Baruj was discharged in 1947 and, motivated by intellectual curiosity, decided upon a career in medical research at a time when such a choice was not fashionable. His interest was directed, to Immunology, and particularly to the mechanism of hypersensitivity, so he sought the advice of many scientists. He was strongly urged to work with a dynamic young immunochemist, Elvin Kabat, whose laboratories were at the Neurological Institute, Columbia University School of Physicians and Surgeons.

In 1980 Benacerraf gained the Nobel Prize, along with his colleagues Dausset and Snell "for their discoveries concerning genetically determined structures on the cell surface that regulate immunological reactions. They have been responsible for turning what at first appeared as an esoteric area of basic research on inbred mice into a major biological system of the greatest significance for the understanding of cell recognition, immune responses and graft rejection."

Benacerraf's work has been generously and continuously supported since 1957 by the National Institute of Allergy and Infectious Diseases, and for the last decade also by the National Cancer Institute.

Edgar Lara-Curzio, Hispanic Engineer of the Year, 1997

Edgar Lara-Curzio, of the Department of Energy's (DOE) Oak Ridge National Laboratory, received the award for Outstanding Technical Achievements at the 1997 Hispanic Engineer National Achievement Awards Conference.

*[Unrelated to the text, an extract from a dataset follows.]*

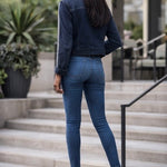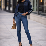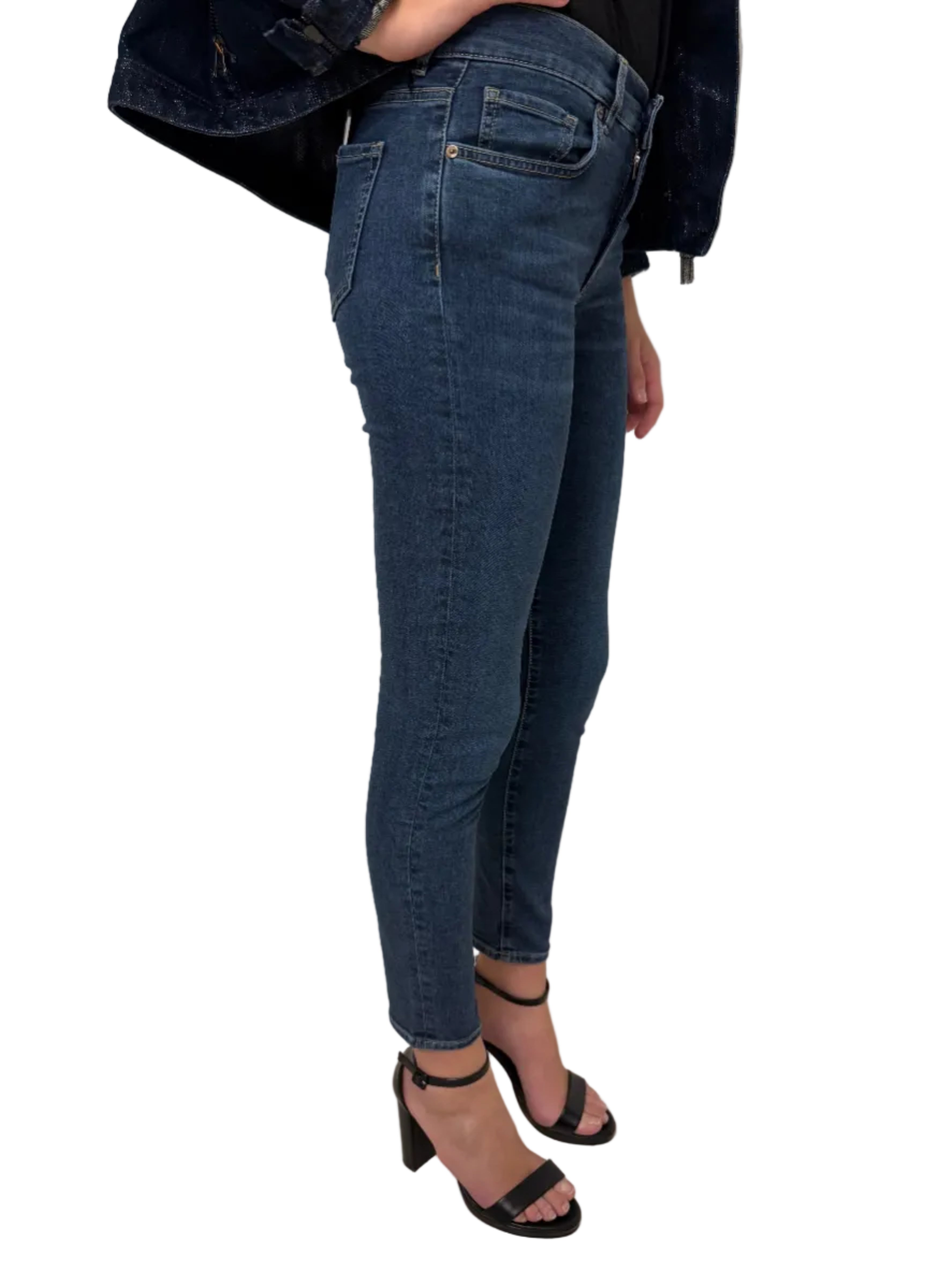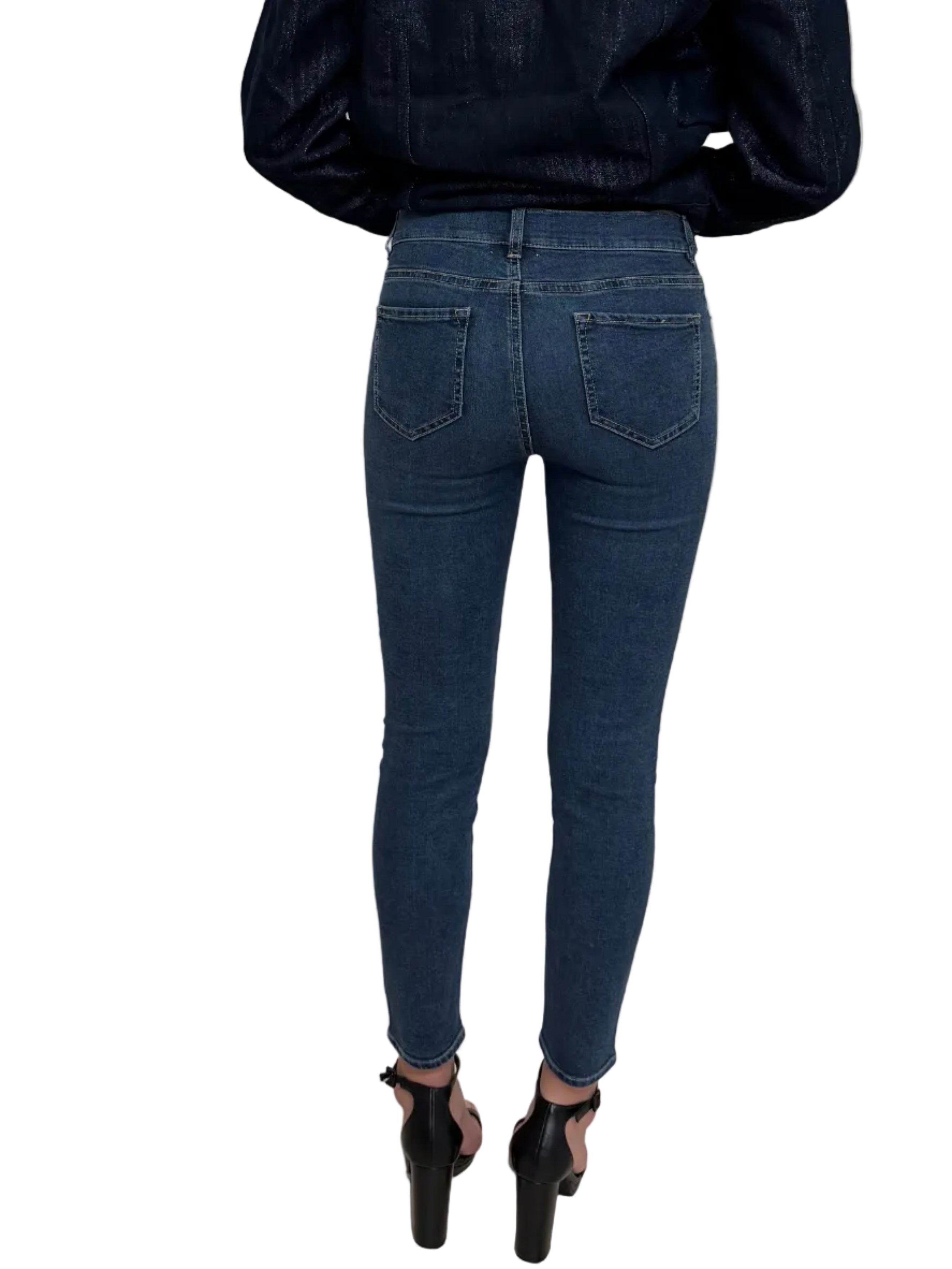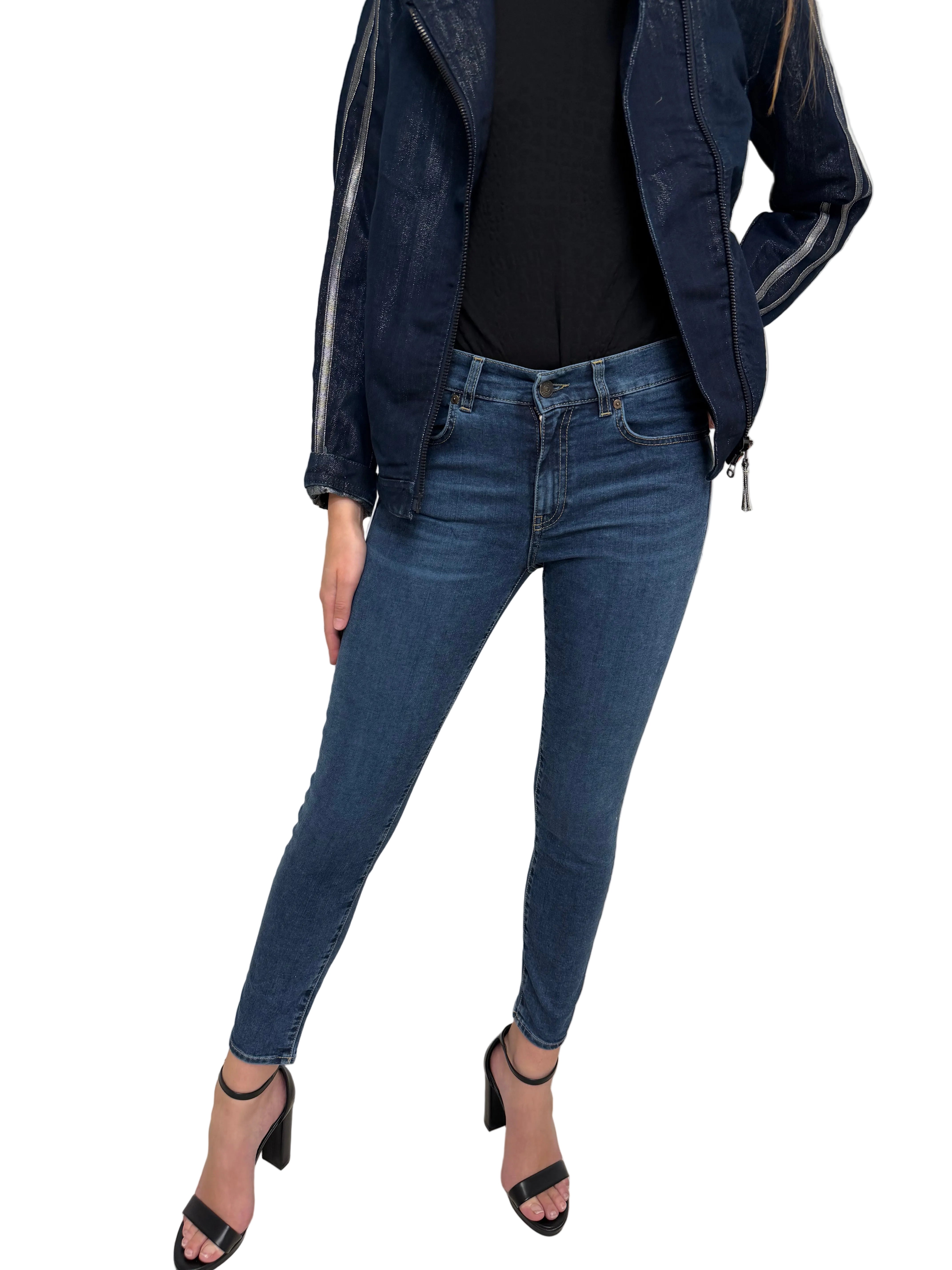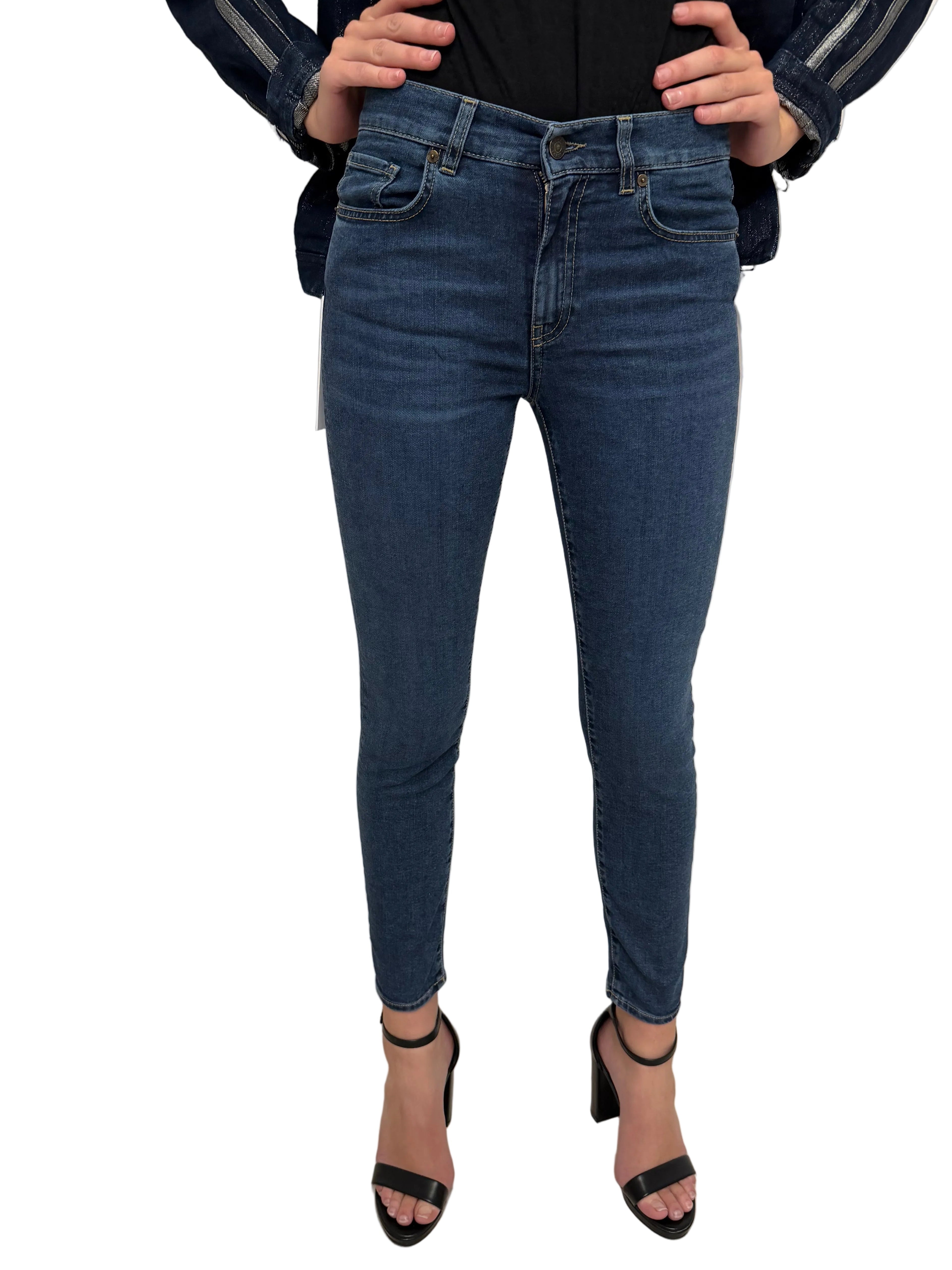 Questo jeans valorizza la silhouette grazie alla linea affusolata lungo la gamba e alla struttura modellante che segue le forme senza costringere. Il lavaggio denim blue medio lo rende versatile e perfetto sia per outfit casual che per look più eleganti con tacchi o blazer.
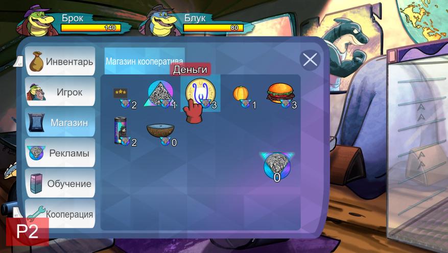 У фантомов есть своё меню, где им доступен инвентарь, настройки коопа, магазин теневой рекламы, журнал с перечнем локаций и числом найденных/ не найденных теневых реклам на них (упрощает поиск), обучение, куда вносятся все пометки по возможностям коопа. В меню коопа можно выбрать образ одного из двух протагонистов, сменить цвет костюма (можно и быстрыми клавишами). В инвентарь падают расходники (лечилки, энергетики) и деньги — всё это призраки могут использовать. В магазине, как я и говорил, можно купить прокачку, флаеры, деньги, лечилки и энергетик. В настройках коопа можно выставить фрэндли — фаер (бить/ не бить компаньона и наносить ему урон при желании), откорректировать клавиши контроллера, вибрацию. Играть можно всем на контроллерах либо протагонистом играть на сенсоре, а остальным на контроллерах.

Secretary of Energy Federico Pena referred to Lara-Curzio as "a gifted scientist widely respected for his work in both experimental and theoretical research work with ceramic composite materials."

At Oak Ridge, Lara-Curzio is part of the High Temperature Materials Laboratory research staff, where he is principal investigator for DOE's Continuous Fiber Ceramic Composites program. A native of Mexico, Lara-Curzio holds a bachelor's degree in engineering physics from the Metropolitan University in Mexico City and a doctorate in materials engineering from Rensselaer.